A Bitcoin private key is a number. It's big and should be random so no one can guess it by brute force. It generates a public key - also a number.
This is a KEY PAIR and fundamental to public-private key cryptography.
Key pairs can "birth" more key pairs. Eg if you take a key pair and multiply it by some number, you get another number (there's more to it than that, but that's the concept).
A derivation path is just a system of agreement (a protocol) on how these infinitely possible keys can be derived from the first key pair.
A derivation path begins with "m". This is the master key pair, or the first key pair generated from your seed phrase. We don't usually make wallets with this key. Think of it as "Adam" from the Bible for now.
Next in the derivation path has a number, eg...
m/84'
This represents the 85th child (counting from zero) key of Adam. When the 85th key is signalled to be used, the wallet software knows it's ultimately going to be a bip84 Native Segwit wallet. There's nothing special about the 85th key, they all look the same, and they all have the same properties, it's just a signal. Don't worry about the apostrophe for now (sometimes signalled as an 'h')
The next number in the derivation path is typically 0. Eg:
m/84'/0'
This third field is a protocol for the coin type. It is the grandchild of Adam, and the first child of the 85th child of Adam. When using this key in a wallet, it signals the coin to be used is Bitcoin (rather than testnet).
The next field, the great grandchild of Adam, is the account field. It's best to leave this as zero to not confuse your heirs.
m/84'/0'/0'
The next field, the great great grandchild of Adam, is the field where a choice between receiving or change is made. Zero is receiving and One is for change. Also called "internal/external" for reasons unknown to me. This key typically won't have an apostrophy:
m/84'/0'/0'/0
And finally, the children of the change or receiving key will be used for address generation. (Note, ANY of the previous keys can generate address against protocol; remember they have no different properties). Here is the representation of the 100th address...
m/84'/0'/0'/0/99
The last integer in computer speak is held in memory as an unsigned integer, which is held in 32 bytes of memory, with a max size of 2^32, or 4.29 billion. That's plenty of children/addresses for the wallet, but that's only from one parent keypair. So the number of addresses at your disposal is effectively infinite.

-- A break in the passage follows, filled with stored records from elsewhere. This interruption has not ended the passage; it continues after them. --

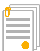
Officiële benaming en rechtsvorm

Deze informatie moet ALTIJD aanwezig en toegankelijk zijn voor al jouw websitebezoekers ongeacht de aard van je website.
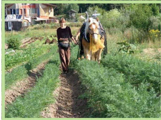
عکس ۳- مزرعه بیولوژیک در اکودهکده زیبن لیندن، آلمان

اجتماعی، اقتصادی، بوم‌شناختی و فرهنگی - معنوی را در بر می‌گیرند. آنها تجربه ایجاد اجتماع‌های محلی پایدار را مورد آزمون قرار داده و جنبه‌های گوناگونی از طراحی اکولوژیک از قبیل طراحی و ساخت اکو، استفاده از انرژی‌های جایگزین، تولید یا فرآوری همساز با طبیعت، و اصول پرماکالچر (کشاورزی طراحی شده برای سازگاری با طبیعت و تهیه غذا، سلولز و سوخت برای جامعه) را به کار می‌گیرند. اکودهکده‌ها معمولاً بر کشاورزی ارگانیک، پرماکالچر و دیگر رویکردهایی که عملکرد اکوسیستم‌ها و تنوع زیستی را ارتقا می‌دهند، متکی هستند. طرفداران اکودهکده‌ها همچنین جستجوگر و مروج سبک زندگی پایدار و سادگی داوطلبانه با حداقل مبادله بازرگانی، آن هم با منطقه محلی یا ناحیه اکو، و دوری از زندگی مصرفی و کلیشه‌ای هستند.
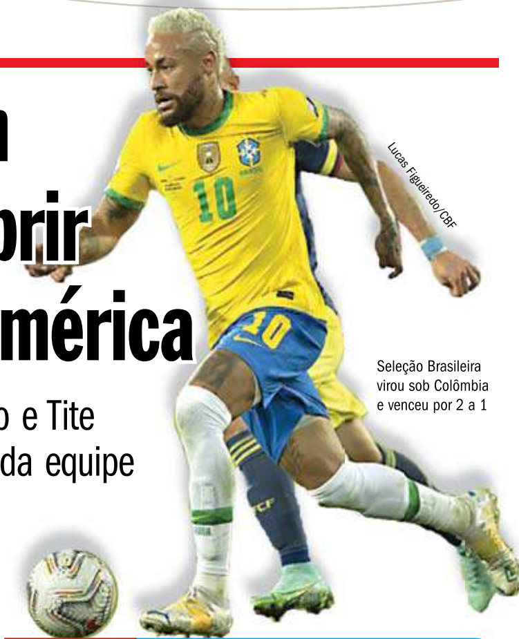
Seleção Brasileira virou sob Colômbia e venceu por 2 a 1
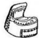
Кокошник. Курская губерния
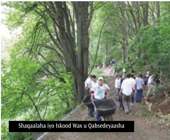
Shaqaalaha iyo Iskood Wax u Qabsedeyaasha

Tilmaan bixiyaha cusub ee Tilmaanta Baaritaanka Xarunta (Facility Inspection Manual) waxaa uu leeyahay qaab lagu cabbiro nadaafadda dhismooyinka iyo tilmaanta waxyaabaha shaqaalaha laga doonayo, iyadoo joogtaanka shaqaalahani ay u fasaxayso shaqaalaha madadaalada in ay xoogga saaraan barnaamijyada iyo adeegga macaamilka.
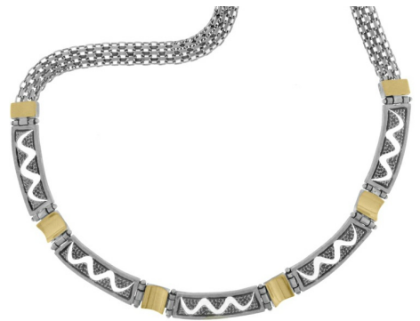
Silver and Gold Necklace $ 70,00
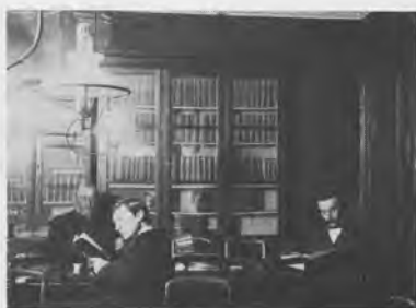
Kommunens folkebibliotek nr. 5, 1902. Tv. bibliotekaren med den store lånerprotokol, th. læsesalen i gaslampens skær.
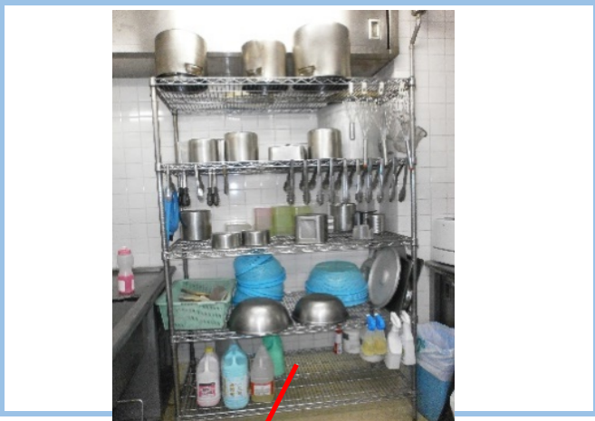
④調理器具(ボウル等)の保管の様子が分かる写真
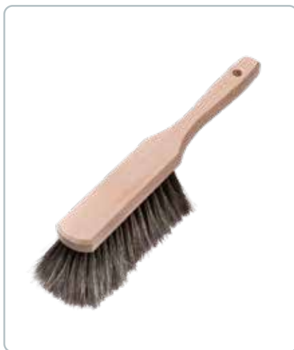
6860 HÅNDKOST med naturhår fra køer En lækker kost der ligger godt i hånden
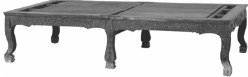
图3 故宫博物院收藏的明黄花梨折叠床 (二)凭依类

“眠床”为出游时睡觉用，平时折叠收起成箱，是为折叠床。明代晚期文震亨《长物志》中提到的“永嘉、粤东有折叠者，舟中携置亦便”是关于折叠床的记载。故宫博物院收藏的明代黄花梨折叠床(图3)，可折叠相合，腿装有金属转轴，能随时支起或放倒，于出游使用，非常具有实用功能。 [5]
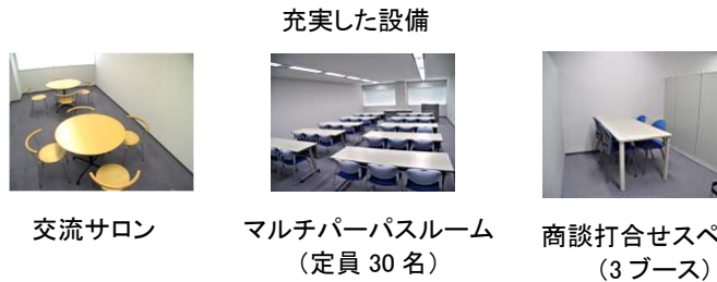
交流サロン マルチパーパスルーム (定員30名) 商談打合せスペース (3ブース)
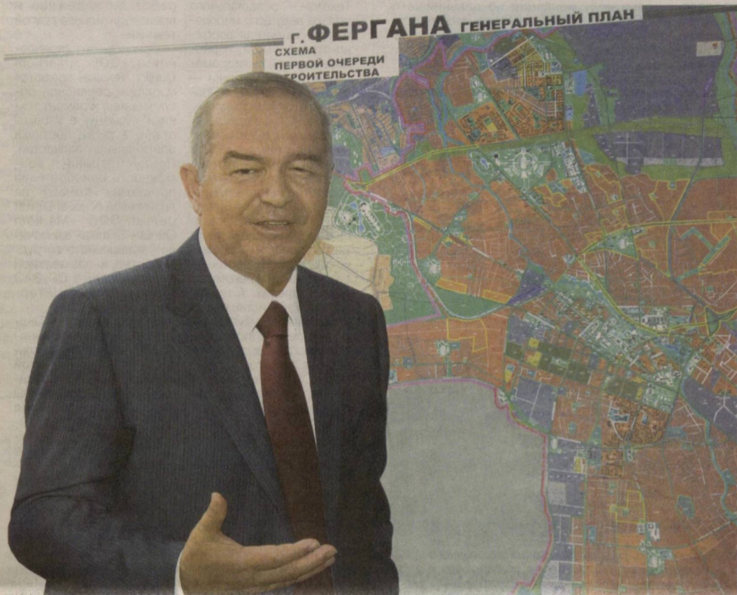
Г. ФЕРГАНА ГЕНЕРАЛЬНЫЙ ПЛАН СХЕМА ПЕРВОЙ ОЧЕРЕДИ СТРОИТЕЛЬСТВА

Президент Республики Узбекистан Ислам Каримов с целью ознакомления с ходом социально-экономических реформ, осуществляемой созидательной и благоустроительной работой на местах 27 мая посетил Ферганскую область.
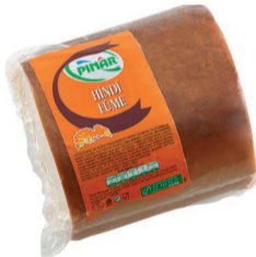
Hindi Göğüs Füme
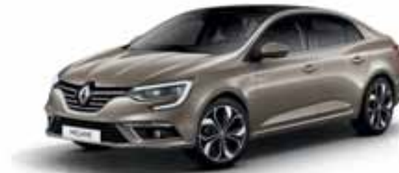
Bež Dune (MB)

JB: jednoslojna boja MB: metalik boja MB-P: metalik boja - posebna Slike su simbolične i nisu obavezujuće.
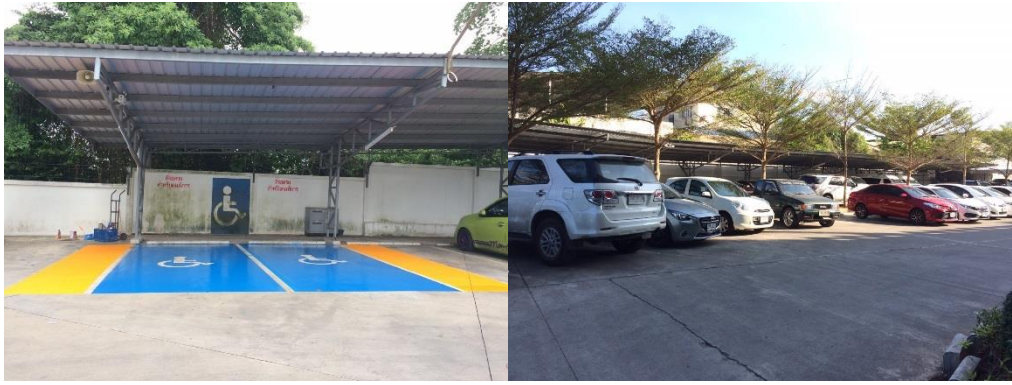
รูปที่ 2-14 รูปแสดงที่จอดรถคนพิการ
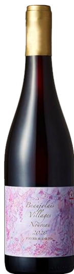
ボジョレー・ヴィラージュ・ヌーヴォー JALUX WINE+ART オリジナルラベル

11月19日(木)は、新酒のワインと共に、祝祭のような嬉しさと幸せを感じられる充実した時間をお楽しみください。
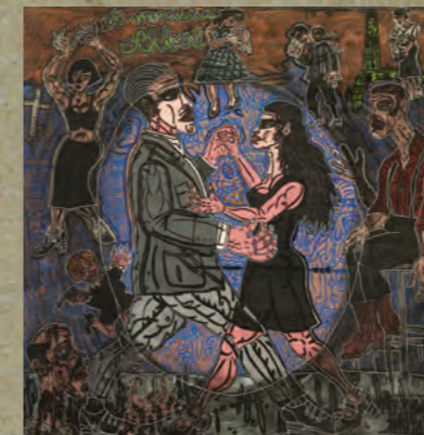
LE GLOBE 2007 Acrylique sur toile, 235 x 235 cm © Robert Combas
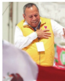
JESÚS ZAMBRANO visitará Zacatecas.

Lo que sí está seguro, es que antes de hacer un recorrido por cuatro municipios, el ex dirigente de la Liga Comunista 23 de Septiembre, estará en la capital en una conferencia donde aprovechará para levantar la mano del candidato a la alcaldía de la capital Miguel Varela Pinedo , con lo que se cumple el compromiso que en tres días distintos, estén en Zacatecas los dirigentes nacional de los tres partidos de la coalición "Fuerza y Corazón por México". Después de su adhesión y apoyo al candidato capitalino, Jesús Zambrano ira a Jerez a reunirse con la estructura del partido del pueblo mágico, donde según sus números, el aspirante a la alcaldía por el sol azteca, Rodrigo Ureño Bañuelos, puede dar una sonora sorpresa. De Jerez, Zambrano ira a Valparaíso, Fresnillo y Saín Alto.
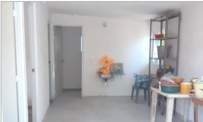
VISTA INTERIOR Y COLOCACIÓN DE TARJA
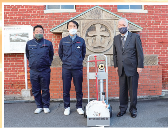
大日本除虫菊株式会社 大阪工場

貸与事業所には、事業所周辺の地域において大規模災害等による火災が発生した際に、貸与された資機材を活用して初期消火活動を行っていただきます。
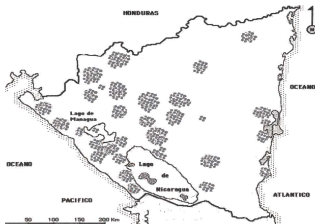
Imagen 3. Zonas con evidencias arqueológicas del periodo comprendido entre 500ac-800dc. Mapa elaborado sobre base de investigaciones recientes.

Implicítamente se está demostrando que existía una distancia considerable para obtener la materia prima, o bien el mismo intercambio facilitaba esto. También se ha dicho que existía intercambio con otros grupos dentro del territorio nacional, ejemplo, en el sitio los Placeres en Managua, la presencia de pedernal y jaspe se asocia a intercambio con la región de Chontales. (Lange y Sheets, 1983).
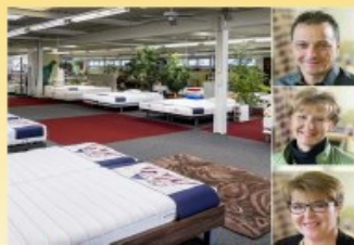
Bettenhaus Bella Luna

Something to note is that all these keys are reproducible and already exist in mathematical space. Just because you put a seed into a software wallet and make some addresses does not mean you "created" addresses - instead, you "accessed" or "viewed" them. They are disposable until you decide to put bitcoin in them (technically, LOCK bitcoin to the address).
Anyway, the wallets software looking at the derivation path then knows which calculations and protocol to follow from the great great great grandchild key to make a Segwit address. Theoretically, it COULD ignore the protocol and use the same key to make a Legacy address, or Taproot. It's against BIP protocol, but not against BITCOIN protocol - a very important difference. The address generated is still valid as far as my node goes, but not valid in terms of wallet interoperability.